Replication Study: Melanoma genome sequencing reveals frequent PREX2 mutations.
Elife
; 62017 01 19.
Article
em En
| MEDLINE
| ID: mdl-28100394
ABSTRACT
In 2015, as part of the Reproducibility Project Cancer Biology, we published a Registered Report (Chroscinski et al., 2014) that described how we intended to replicate selected experiments from the paper "Melanoma genome sequencing reveals frequent PREX2 mutations" (Berger et al., 2012). Here we report the results of those experiments. We regenerated cells stably expressing ectopic wild-type and mutant phosphatidylinositol-3,4,5-trisphosphate-dependent Rac exchange factor 2 (PREX2) using the same immortalized human NRASG12D melanocytes as the original study. Evaluation of PREX2 expression in these newly generated stable cells revealed varying levels of expression among the PREX2 isoforms, which was also observed in the stable cells made in the original study (Figure S6A; Berger et al., 2012).
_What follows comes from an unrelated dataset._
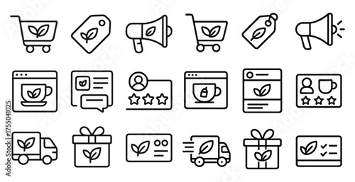 e-business, shopping cart, outline, vector, icon, set, commerce, online, purchase, basket, shop, cart, checkout, sale, transaction, delivery, design, marketing, branding, digital, bag, trade, modern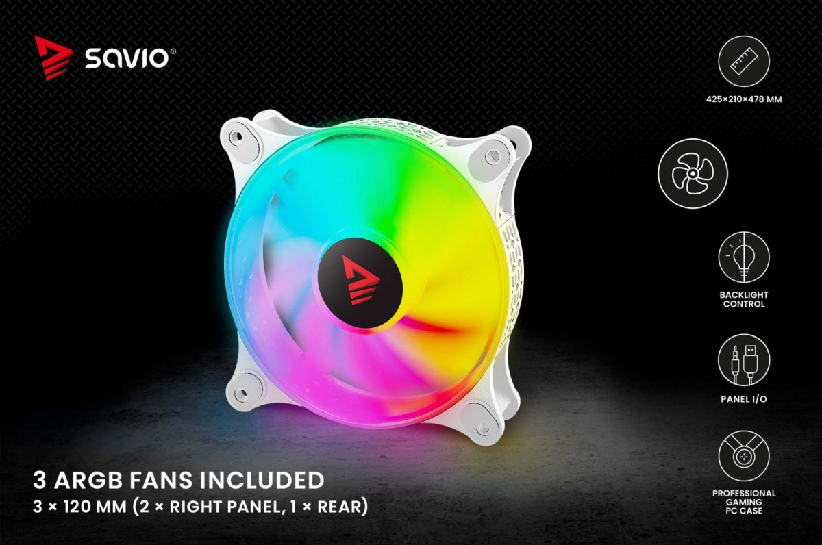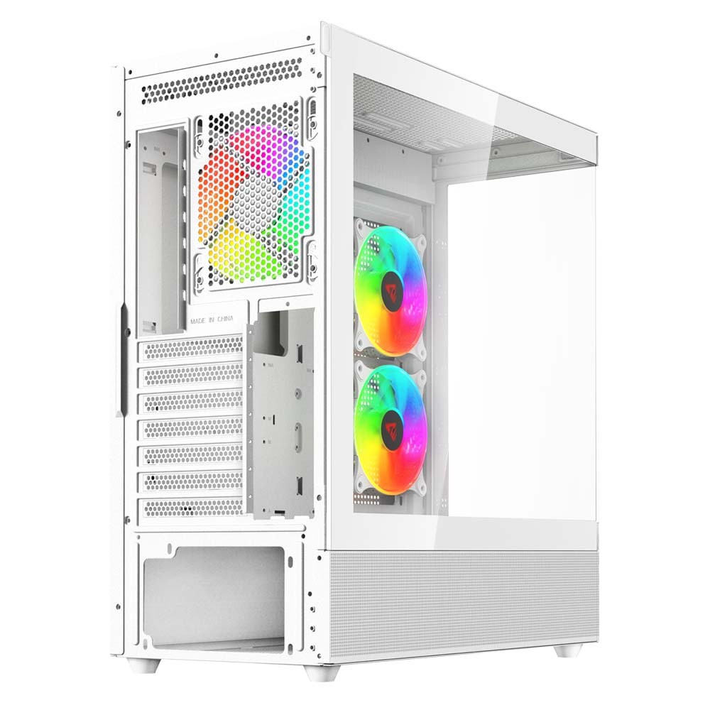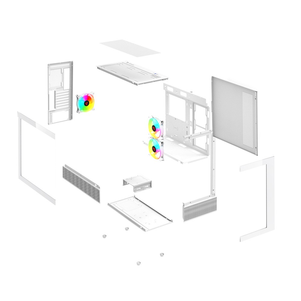 Specyfikacja techniczna: Rodzaj obudowy: ATX Mid-Tower Kompatybilność płyty głównej: ATX, mATX, ITX Wspierane formaty dysków: 2 × HDD (3.5) + 2 × SSD (2.5) lub 1 × HDD (3.5) + 3 × SSD (2.5) Porty I/O: 1 × USB-C 3.1 Gen 1; 1 × USB-A 3.1 Gen 1; 1 × USB-A 2.0; HD audio Panel boczny: Tempered glass/Szklany Maksymalna długość VGA: 400 mm (vertical/pionowy) Panel przedni: Tempered glass/Szklany Maksymalna wysokość chłodzenia procesora: 165 mm Obsługiwane typy zasilaczy: Wszystkie typy zasilaczy standardowych/pół modularnych i modularnych Gniazda rozszerzeń PCI: 7 Filtr przeciwkurzowy: 1 × góra, 1 × dół (PSU) Warianty kontroli wentylatorów: Płyta główna/Przycisk LED Wentylatory w zestawie: 3 × 120mm ARGB, PWM, 800-1800 RPM (2 × rprawy panel, 1 × tył) Obsługiwane wentylatory:-panel prawy 2 × 120 mm- tył 1 × 120 mm lub 2 × 140 mm- dół 3 × 120 mm Wsparcie dla chłodzenia wodnego:- tył 1 × 120 mm- góra 1 × 120/240/280/360 mm Rozmiary produktu: (L × W × H) 425 × 210 × 478 mm Materiał obudowy: SPCC 0.7 mm Waga netto/brutto: 6,7/7,7 kg

Additionally, ectopically expressed PREX2 was found to be at least 5 times above endogenous PREX2 expression. The monitoring of tumor formation of these stable cells in vivo resulted in no statistically significant difference in tumor-free survival driven by PREX2 variants, whereas the original study reported that these PREX2 mutations increased the rate of tumor incidence compared to controls (Figure 3B and S6B; Berger et al., 2012). Surprisingly, the median tumor-free survival was 1 week in this replication attempt, while 70% of the control mice were reported to be tumor-free after 9 weeks in the original study. The rapid tumor onset observed in this replication attempt, compared to the original study, makes the detection of accelerated tumor growth in PREX2 expressing NRASG12D melanocytes extremely difficult. Finally, we report meta-analyses for each result.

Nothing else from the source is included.